No estoy de acuerdo. La recompensa no es para comprar silencio, es para incentivar a alguien que vio algo y no sabe si vale la pena reportarlo. Con eso alcanza.
Marcelo, si fuera tan fácil ya habría llamado alguien. Un mes después y nada. La plata no alcanza o nadie vio nada de verdad.
Lo del tipo que encontró la tarjeta en una riñonera me parece muy raro. ¿Y nadie investiga más a fondo eso? Demasiada casualidad.
Coincido con Tere. Esa parte de la historia tiene muchos agujeros. Esperemos que la fiscalía de Córdoba haga bien su trabajo y no archive rápido.
La imagen de la familia recorriendo Córdoba sola, pegando carteles en una ciudad que no conocen... eso te rompe el alma. Ojalá aparezca pronto y esté bien.
Che, ¿alguien sabe si hay grupo de búsqueda organizado donde uno pueda sumarse? Quiero ayudar pero no sé cómo.
Pueden seguir las redes de la familia, generalmente ahí coordinan las salidas de búsqueda y difusión.

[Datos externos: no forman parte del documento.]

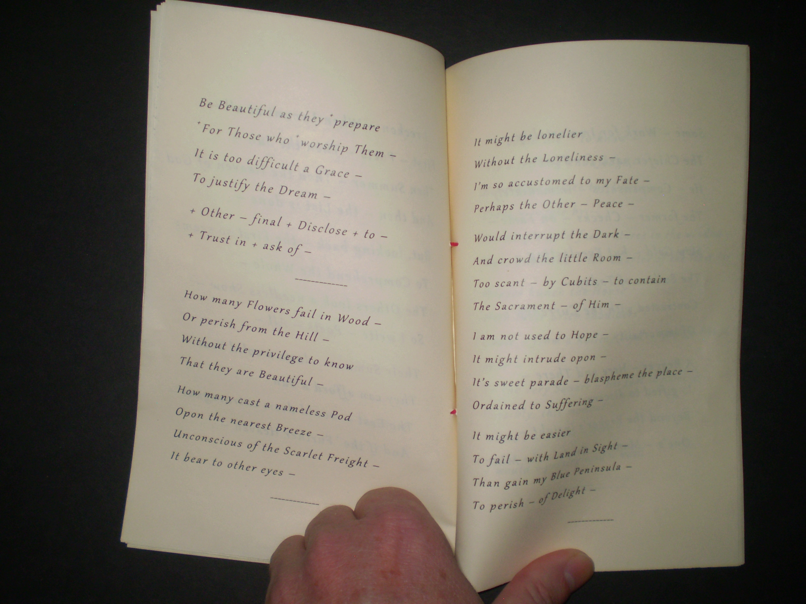 OLYMPUS DIGITAL CAMERA Published December 17, 2013 at 3072 × 2304 in My Blue Peninsula, Part One ← Previous Next → Fascicle 28, pp. 12-13: “I reckon – When I count at all –” (cont’d); “How many Flowers fail in Wood –”; “It might be lonelier”

También llamando al 134 te pueden orientar.
Ojalá que esté bien y que haya elegido irse por sus propios medios. A veces la gente necesita desaparecer un tiempo. Pero que avisen, al menos.
No me parece bien ese comentario. No es tan simple decir 'eligió irse'. Tiene 31 años, sí, pero la familia tiene derecho a saber que está bien. No es justo para ellos.
Que aparezca ya. Un mes es demasiado tiempo. La nota dice que las pistas en Rosario se fueron diluyendo... eso no es buena señal.